The expected response is the complete listing below, restated exactly, with its pictures omitted.
···
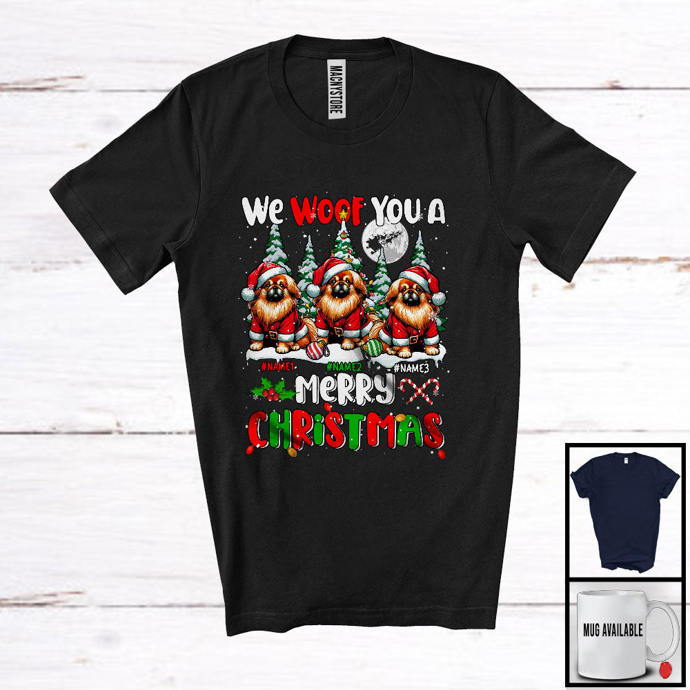 Personalized We Woof You A Merry Christmas; Lovely Three Santa Pekingeses; X-mas Tree T-Shirt
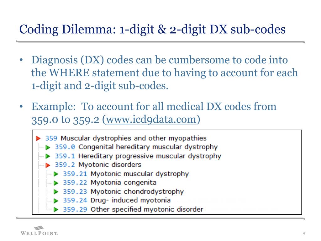 Coding Dilemma: 1-digit & 2-digit DX sub-codes • Diagnosis (DX) codes can be cumbersome to code into the WHERE statement due to having to account for each 1-digit and 2-digit sub-codes. • Example: To account for all medical DX codes from 359.0 to 359.2 (www.icd9data.com)
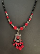 Beautiful new red coral beads Himalayan Tibetan necklace.
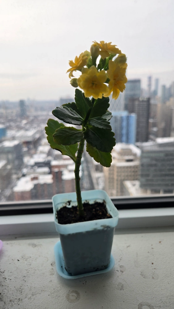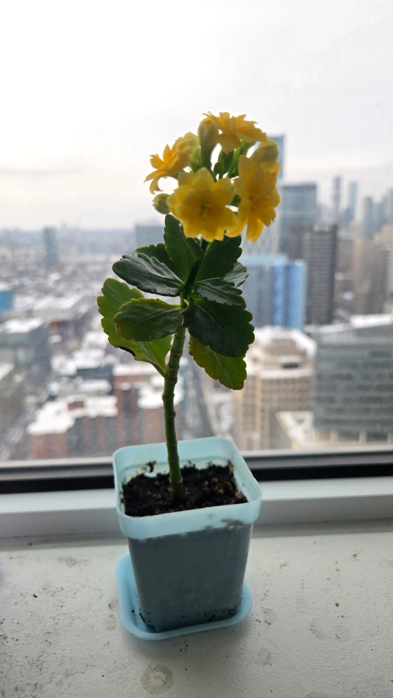 433Small flowering plant in a plastic pot. Bright yellow flowers. Healthy-looking. Perfect for a windowsill.
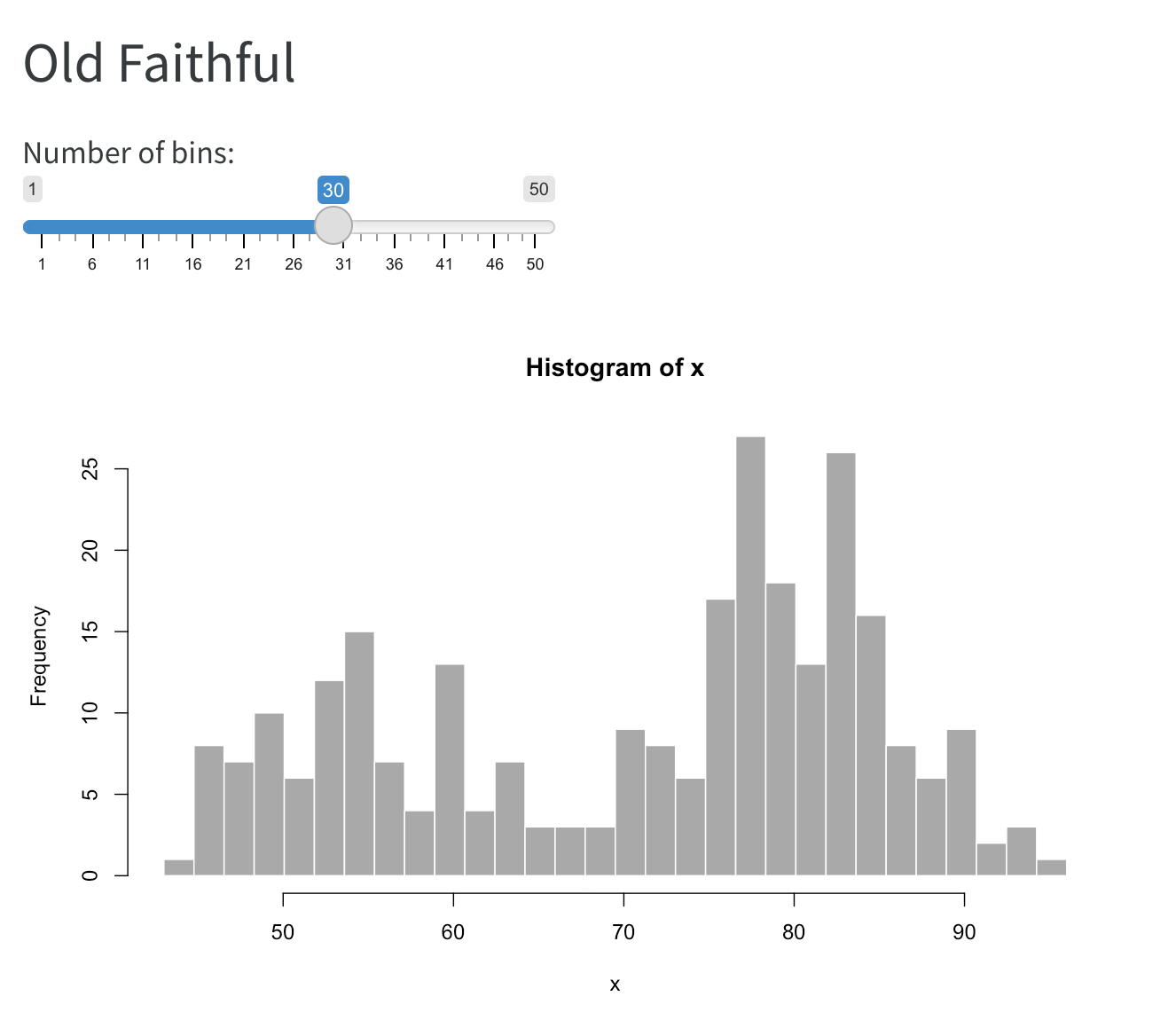 For example, here’s a document that contains a plot of the “Old Faithful” dataset along with a slider to control the number of bins:
···
Exercise result:
 Personalized We Woof You A Merry Christmas; Lovely Three Santa Pekingeses; X-mas Tree T-Shirt
 Coding Dilemma: 1-digit & 2-digit DX sub-codes • Diagnosis (DX) codes can be cumbersome to code into the WHERE statement due to having to account for each 1-digit and 2-digit sub-codes. • Example: To account for all medical DX codes from 359.0 to 359.2 (www.icd9data.com)
 Beautiful new red coral beads Himalayan Tibetan necklace.
 433Small flowering plant in a plastic pot. Bright yellow flowers. Healthy-looking. Perfect for a windowsill.
 For example, here’s a document that contains a plot of the “Old Faithful” dataset along with a slider to control the number of bins:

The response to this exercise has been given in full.